Good luck Sarah. To me one of the most pleasurable things to watch is a dog with dynamic yet correct heeling.

http://www.youtube.com/watch?v=4b27-VYuZ18


----------



## Tim Bartlett (May 21, 2007)

Oops! The post above was made by me, Lisa, not Tim.


----------



## Chris Michalek (Feb 13, 2008)

Thanks for sharing that vid!!!

how is the dog without the stick and the handler's left arm in that position? 

The reason I ask is because I once observed a dog at another club that was taught in the same fashion. And when there was no stick and no arm the dog didn't perform as well. I also noted the hander wasn't a very experienced handler to begin with so I'm sure things are very different for you.


----------



## Tim Bartlett (May 21, 2007)

No, it is always somewhat challenging to fade prompts. At this point I rarely use the touch stick for heeling sessions now. I used it for this session to illustrate its use. As always, it is hard to keep your left shoulder forward when using a tool in your left hand. I do break out the touch stick occasionally when we change fields as he is more likely to revert back to his original heeling style when he is more aroused.

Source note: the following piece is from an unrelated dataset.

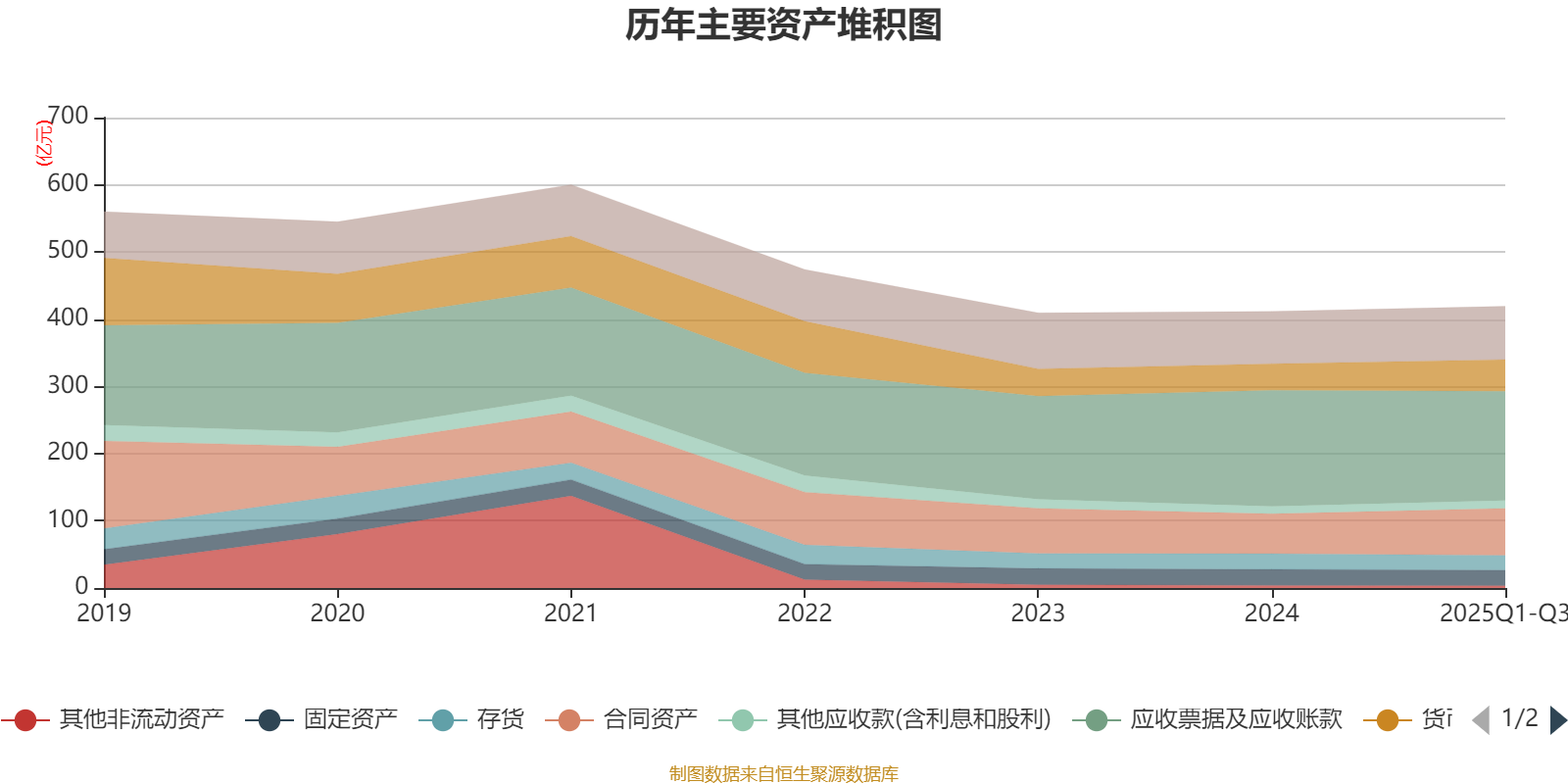 资产重大变化方面,截至2025年三季度末,公司应收票据及应收账款较上年末减少5.88%,占公司总资产比重下降3.19个百分点;合同资产较上年末增加17.57%,占公司总资产比重上升2.22个百分点;货币资金较上年末增加19.66%,占公司总资产比重上升1.68个百分点;其他流动资产较上年末增加44.86%,占公司总资产比重上升0.82个百分点。

At this point we have put the behaviors on cue ("au pied" for getting into position and to remind him of his obligation to stay there, "look" to remind him to watch his focal point and "back" to remind him to move his rear to the right or back in place) and I use an e-collar correction if he does not comply. At this point the only place I usually have to remind him is in the bitework. Although, I did learn my lesson about the dog focusing on the handler in the Mondioring defense of handler (gonna leave a nasty scar). I still hold him accountable for proper position in heeling and good clean left turns during protection and expect focus when heeling between exercises.

If you want pretty heeling, you never stop using your tools completely. Just like you never stop rewarding the behaviors in whole or part. You just have to get good at stretching the upper limits and testing your dog's progress without forgetting that you should still sometimes reward that first step out or a good left turn even if it comes early in the training session.

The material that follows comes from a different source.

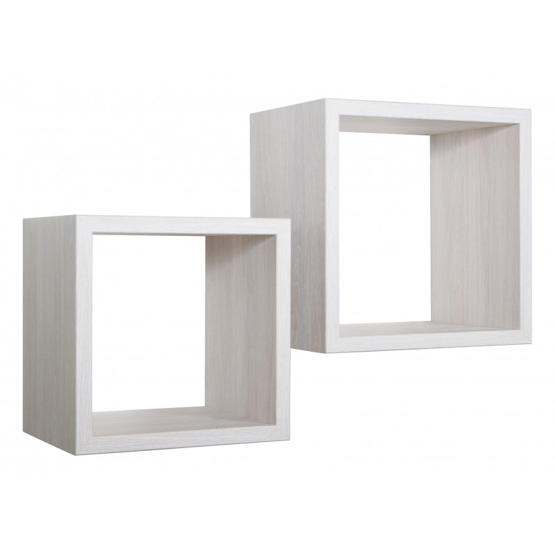 Set di 2 Mensole Maxi da Muro, Cubi Arredo, Mensole Cubo, Cubi da Parete, Rovere Sbiancato, 35x35 p23,7 cm e 31x31 p23,7 cm - Q-Bis

Villier is a project I am super proud of. One because I am retraining a behavior that he spent almost four years having beaten into him and two because in retraining this and other behaviors, I have learned much about the true temperament of this dog. Many dogs cannot be held to such a high standard of performance when they are raised in the program. As you can see by his attitude in the video he thrives on being held to this level of accountability. He is one of those dogs who just vibrates next to you in the heeling with the pleasure that comes from finally being in sync with his handler.

For the ringsports, this type of heeling is pretty much a waste of time but it sure is fun to train.

Lisa


----------



## Sarah Mark (Jul 11, 2006)

Lisa, many thanks for posting the video. I really enjoyed watching it. A touch stick is something I have never thought of using. Best of luck with Villier, it sounds like the dog is lucky to have you.

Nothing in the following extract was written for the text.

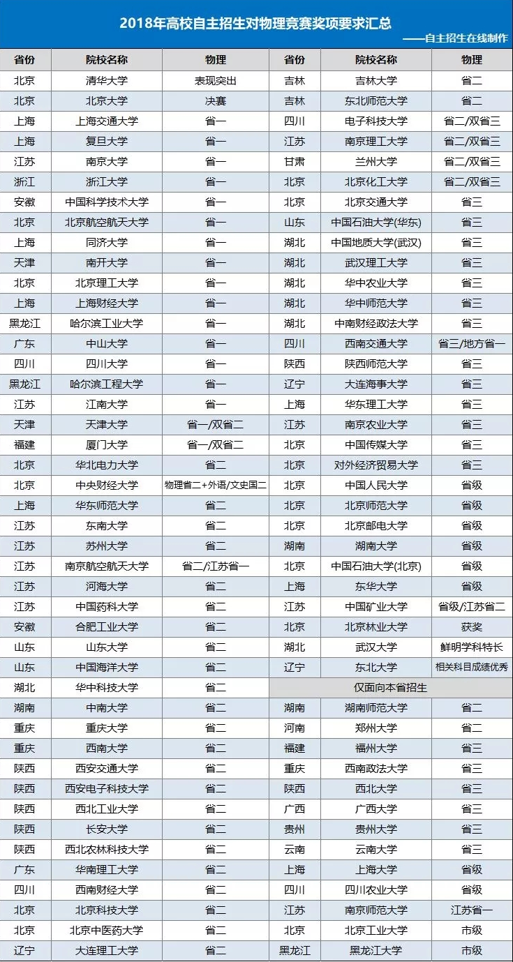 根据高校2018年自主招生简章统计对物理竞赛奖项等级要求情况,2019年请以当年招生简章要求为准。

I will post back on my progress with my bitch in a few weeks all being well.

Thanks everyone,

Sarah


----------



## Jeff Oehlsen (Apr 7, 2006)

I fixed Buko's heeling by going really long distances and using compulsion when he was being rediculous. the rest of the time, if he was right, I patted him on the head. I started with 1/4 mile, then 1/2 mile, then 1 mile ect. I think that I spent too much time getting turns right, too much time with stupid no compulsion methods LOL, and it showed in his determination to walk with his ass at my hip, and not his shoulder.

The long distances focusing on HEEL position, really did the trick, as I didn't have to think about where the end of the field was, and just focused on what I was wanting from the dog.

Should of stuck with this from the beginning. Maybe with the new pup.


----------



## Lisa Maze (Mar 30, 2007)

Jeff Oehlsen said:


> I fixed Buko's heeling by going really long distances and using compulsion when he was being rediculous. the rest of the time, if he was right, I patted him on the head. I started with 1/4 mile, then 1/2 mile, then 1 mile ect. I think that I spent too much time getting turns right, too much time with stupid no compulsion methods LOL, and it showed in his determination to walk with his ass at my hip, and not his shoulder.
> 
> The long distances focusing on HEEL position, really did the trick, as I didn't have to think about where the end of the field was, and just focused on what I was wanting from the dog.
> 
> Should of stuck with this from the beginning. Maybe with the new pup.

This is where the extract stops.